_Record set_:

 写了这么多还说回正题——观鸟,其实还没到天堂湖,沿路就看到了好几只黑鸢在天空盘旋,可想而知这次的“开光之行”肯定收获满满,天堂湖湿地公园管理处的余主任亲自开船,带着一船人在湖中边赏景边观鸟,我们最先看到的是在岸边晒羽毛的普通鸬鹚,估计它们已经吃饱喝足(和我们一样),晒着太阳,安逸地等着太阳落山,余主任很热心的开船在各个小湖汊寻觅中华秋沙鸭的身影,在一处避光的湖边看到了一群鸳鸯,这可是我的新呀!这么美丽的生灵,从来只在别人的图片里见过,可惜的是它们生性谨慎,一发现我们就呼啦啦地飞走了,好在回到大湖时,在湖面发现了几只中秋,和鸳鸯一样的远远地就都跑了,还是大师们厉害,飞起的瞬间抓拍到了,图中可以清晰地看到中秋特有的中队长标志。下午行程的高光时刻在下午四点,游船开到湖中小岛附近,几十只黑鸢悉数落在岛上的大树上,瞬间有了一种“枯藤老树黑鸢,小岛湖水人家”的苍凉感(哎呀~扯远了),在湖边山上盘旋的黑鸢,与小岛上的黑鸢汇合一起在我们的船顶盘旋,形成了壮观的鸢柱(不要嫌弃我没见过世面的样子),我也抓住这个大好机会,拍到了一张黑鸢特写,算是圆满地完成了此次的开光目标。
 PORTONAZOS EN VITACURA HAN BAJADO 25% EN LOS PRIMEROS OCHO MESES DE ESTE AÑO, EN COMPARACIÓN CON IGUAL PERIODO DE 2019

---

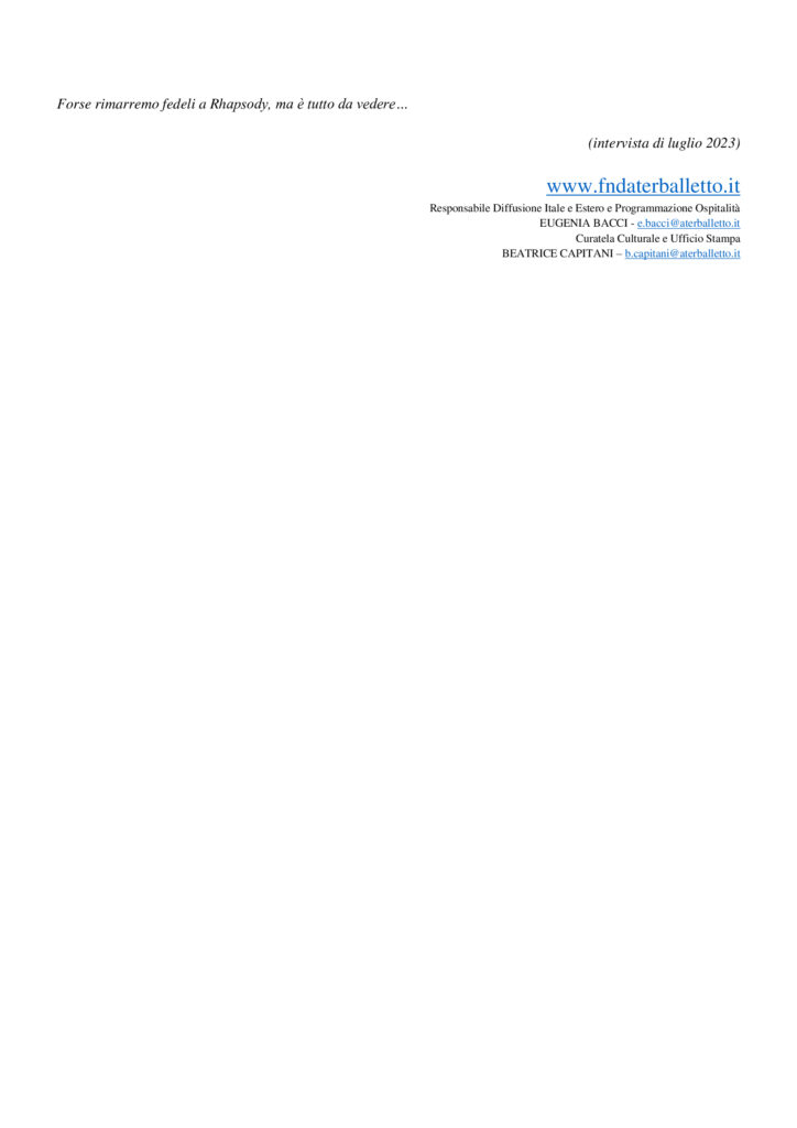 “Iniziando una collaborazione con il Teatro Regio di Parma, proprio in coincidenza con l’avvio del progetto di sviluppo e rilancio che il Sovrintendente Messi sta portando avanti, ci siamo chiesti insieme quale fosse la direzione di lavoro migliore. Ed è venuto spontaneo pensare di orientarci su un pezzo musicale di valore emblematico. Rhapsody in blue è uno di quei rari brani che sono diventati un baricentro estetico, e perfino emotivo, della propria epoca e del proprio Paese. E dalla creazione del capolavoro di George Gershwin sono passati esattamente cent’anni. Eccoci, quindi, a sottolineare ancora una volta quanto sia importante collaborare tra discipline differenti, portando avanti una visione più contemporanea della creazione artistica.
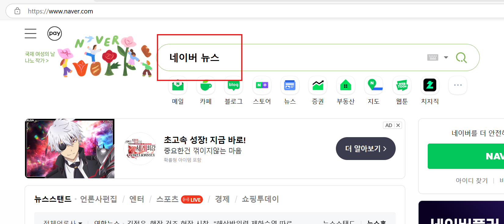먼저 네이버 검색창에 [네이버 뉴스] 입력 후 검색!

_Work order_: Where the listing above has a line with "写了这么多还说回正题——观鸟", start there, and output every line exactly through the line with "PORTONAZOS EN VITACURA", which is also included.

_Solution_:
 写了这么多还说回正题——观鸟,其实还没到天堂湖,沿路就看到了好几只黑鸢在天空盘旋,可想而知这次的“开光之行”肯定收获满满,天堂湖湿地公园管理处的余主任亲自开船,带着一船人在湖中边赏景边观鸟,我们最先看到的是在岸边晒羽毛的普通鸬鹚,估计它们已经吃饱喝足(和我们一样),晒着太阳,安逸地等着太阳落山,余主任很热心的开船在各个小湖汊寻觅中华秋沙鸭的身影,在一处避光的湖边看到了一群鸳鸯,这可是我的新呀!这么美丽的生灵,从来只在别人的图片里见过,可惜的是它们生性谨慎,一发现我们就呼啦啦地飞走了,好在回到大湖时,在湖面发现了几只中秋,和鸳鸯一样的远远地就都跑了,还是大师们厉害,飞起的瞬间抓拍到了,图中可以清晰地看到中秋特有的中队长标志。下午行程的高光时刻在下午四点,游船开到湖中小岛附近,几十只黑鸢悉数落在岛上的大树上,瞬间有了一种“枯藤老树黑鸢,小岛湖水人家”的苍凉感(哎呀~扯远了),在湖边山上盘旋的黑鸢,与小岛上的黑鸢汇合一起在我们的船顶盘旋,形成了壮观的鸢柱(不要嫌弃我没见过世面的样子),我也抓住这个大好机会,拍到了一张黑鸢特写,算是圆满地完成了此次的开光目标。
 PORTONAZOS EN VITACURA HAN BAJADO 25% EN LOS PRIMEROS OCHO MESES DE ESTE AÑO, EN COMPARACIÓN CON IGUAL PERIODO DE 2019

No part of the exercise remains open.